Проносятся холмы и перелески.
 В натопленном вагоне пахнет Крымом.
 И речек очертанья слишком резки
 для глаз моих, омытых сизым дымом.
 Жую лаваш, разглядываю лица.
 Богиней в униюбке из лавсана
 разносит черный кофе проводница
 с великолепным именем Оксана.
 Девическую грудь, что темной ночкой
 ласкает неизвестный мне счастливчик,
 обтягивает тонкая сорочка.
 И сквозь нее просвечивает лифчик.
Стихи… они как жизнь, не терпят фальши.
 Я б мог с Цирцеей, не боясь накладок,
 сравнить цивилизацию, и дальше —
 свиней с людьми, но «милые, нельзя так».

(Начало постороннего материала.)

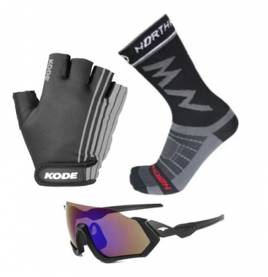 Luva Ciclismo Kode Rider Óculos Meia Mtb Speed Bike Cinza

 Наш мир — корабль. (Прежний образ — лажа.)
 И я, торча в нем в качестве балласта,
 люблю людей не в виде антуража,
 люблю за то, что есть они, и баста.
Пусть гадским километрам нет предела,
 но за окошком облака, как горы.
 И стук колес стал мягче, и стемнело,
 и мелодичней стали разговоры.
 «Ты зря так, можно было просто высечь…»
 «Взгляни: закатом горизонт распорот…»
 «Недавно потеряла двадцать тысяч…»
 «Дочь замужем, а сын уехал в город…»
 «Но ведь растет народонаселенье,
 твои индусы, брат, не замечают?
 Вот наши души — новые творенья?
 Иль это прежние, дробясь, мельчают?»
Я тоже сам с собой веду беседу,
 не чувствуя ни нежности, ни злобы,
 о том, что завтра утром я приеду,
 приеду, а приехав хорошо бы,
 чтобы тоска вконец не одолела,
 прийти к друзьям, острить, смотреть им в лица.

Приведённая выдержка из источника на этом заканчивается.